Mécanismes pathogènes et dissémination dans l’organisme humain
Lorsque Borrelia burgdorferi pénètre dans votre organisme via la piqûre de tique, elle déclenche une cascade d’événements pathologiques sophistiqués. La bactérie exprime différentes protéines de surface selon son environnement, lui
permettant d’adapter en permanence son « costume moléculaire » pour échapper à votre système immunitaire. Après l’inoculation cutanée, les spirochètes se multiplient localement, provoquant l’érythème migrant, puis gagnent progressivement la circulation sanguine et le système lymphatique. Ils se fixent ensuite dans différents tissus cibles (peau, articulations, système nerveux, parfois cœur) en s’attachant aux cellules endothéliales et au collagène grâce à des adhésines spécifiques. Ce tropisme tissulaire, associé à leur capacité à former des micro-foyers peu accessibles aux défenses immunitaires et aux antibiotiques, explique la survenue possible de manifestations tardives, parfois plusieurs mois après la piqûre initiale. Enfin, Borrelia est capable de moduler la réponse inflammatoire, ce qui contribue à la chronicité de certains symptômes chez une partie des patients.

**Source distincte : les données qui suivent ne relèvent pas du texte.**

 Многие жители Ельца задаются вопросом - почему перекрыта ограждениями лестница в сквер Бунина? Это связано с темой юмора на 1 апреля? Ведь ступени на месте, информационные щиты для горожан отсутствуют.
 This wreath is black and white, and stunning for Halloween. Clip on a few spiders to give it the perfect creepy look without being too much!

Génotypes européens versus américains : borrelia afzelii et borrelia garinii
En Europe, la maladie de Lyme n’est pas due à une seule espèce bactérienne mais à un ensemble de génotypes aux comportements cliniques différents. Si Borrelia burgdorferi sensu stricto domine en Amérique du Nord, les formes européennes sont le plus souvent liées à Borrelia afzelii et Borrelia garinii, deux espèces largement répandues chez les tiques Ixodes ricinus. B. afzelii est particulièrement associée aux manifestations cutanées chroniques, comme l’acrodermatite chronique atrophiante observée plusieurs années après l’infection. À l’inverse, B. garinii présente un tropisme marqué pour le système nerveux central et périphérique, ce qui explique la fréquence relativement plus élevée des neuroborrélioses en Europe par rapport aux États-Unis. Cette diversité génétique a des conséquences diagnostiques (sensibilité variable des tests sérologiques selon les souches) et cliniques, d’où l’importance de bien connaître le contexte géographique d’exposition à la tique.

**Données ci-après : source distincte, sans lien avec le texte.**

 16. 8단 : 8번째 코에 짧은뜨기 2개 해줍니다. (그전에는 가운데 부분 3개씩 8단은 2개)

Temps de transmission par ixodes ricinus et charge bactérienne infectieuse
Contrairement à certaines idées reçues, la transmission de la maladie de Lyme ne se fait pas de manière instantanée dès la piqûre de tique. Après fixation de Ixodes ricinus sur la peau, les Borrelia présentes dans l’intestin moyen de la tique doivent migrer vers ses glandes salivaires avant d’être inoculées. Ce processus prend généralement plus de 24 heures, ce qui explique pourquoi un retrait précoce de la tique réduit très fortement le risque d’infection. On estime qu’en deçà de 24 heures de fixation, la probabilité de contracter la maladie de Lyme reste faible, bien qu’elle ne soit pas totalement nulle, notamment si la charge bactérienne est élevée. Plus la tique reste accrochée longtemps (au-delà de 36 à 48 heures) et plus elle est gorgée de sang, plus le risque de transmission bactérielle et virale augmente. Vous comprenez ainsi pourquoi un simple geste – inspecter votre peau au retour de promenade et retirer immédiatement toute tique – peut faire la différence entre exposition et véritable infection.

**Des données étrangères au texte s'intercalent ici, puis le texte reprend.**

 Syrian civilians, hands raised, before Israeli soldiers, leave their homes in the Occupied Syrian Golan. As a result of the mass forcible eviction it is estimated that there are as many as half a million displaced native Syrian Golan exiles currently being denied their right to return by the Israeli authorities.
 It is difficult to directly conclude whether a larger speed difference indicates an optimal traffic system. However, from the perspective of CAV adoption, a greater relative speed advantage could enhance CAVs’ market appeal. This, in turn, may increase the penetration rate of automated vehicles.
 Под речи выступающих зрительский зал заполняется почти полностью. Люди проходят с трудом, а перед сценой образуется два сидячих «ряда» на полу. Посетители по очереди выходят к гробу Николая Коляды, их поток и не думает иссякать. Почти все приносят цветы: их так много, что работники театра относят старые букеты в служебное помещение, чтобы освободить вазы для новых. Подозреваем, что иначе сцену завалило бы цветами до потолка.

Vecteurs et cycle épidémiologique : ixodes ricinus et son habitat en france
En France métropolitaine, la principale tique vectrice de la maladie de Lyme est Ixodes ricinus, parfois appelée « tique du mouton ». Cet acarien hématophage affectionne particulièrement les milieux frais et humides, riches en végétation et en hôtes animaux, conditions idéales pour assurer son cycle de vie complexe. On la retrouve aussi bien dans les grandes forêts que dans les lisières, les prairies bocagères, les zones de friches ou encore les parcs urbains arborés. Pour vous, cela signifie qu’une simple balade dans un jardin boisé ou une aire de jeux en herbe peut suffire à entrer en contact avec des tiques, même loin des grands massifs forestiers. La densité de tiques infectées dépend à la fois de la présence de réservoirs animaux (rongeurs, oiseaux, cervidés) et des conditions climatiques locales, qui déterminent la survie hivernale et l’activité saisonnière des acariens.
Distribution géographique des zones endémiques françaises : alsace, limousin et Auvergne-Rhône-Alpes
Toutes les régions françaises ne sont pas exposées au même niveau de risque de maladie de Lyme. Historiquement, l’Alsace et le Limousin ont été identifiés comme des foyers endémiques majeurs, avec une forte densité de tiques infectées et une incidence élevée de cas humains. Plus récemment, la région Auvergne-Rhône-Alpes s’est imposée comme l’une des plus touchées, en particulier dans les zones de moyenne montagne, les massifs forestiers et certaines plaines humides. D’autres territoires comme la Bourgogne-Franche-Comté, la Nouvelle-Aquitaine ou le Grand Est présentent également une circulation importante de Ixodes ricinus et des Borrelia associées. À l’inverse, les zones méditerranéennes sèches ou certaines régions littorales montrent globalement une densité de tiques moindre, même si la vigilance reste de mise. Avant une randonnée, se renseigner auprès des agences régionales de santé ou des observatoires locaux sur les zones à tiques peut vous aider à adapter votre niveau de protection.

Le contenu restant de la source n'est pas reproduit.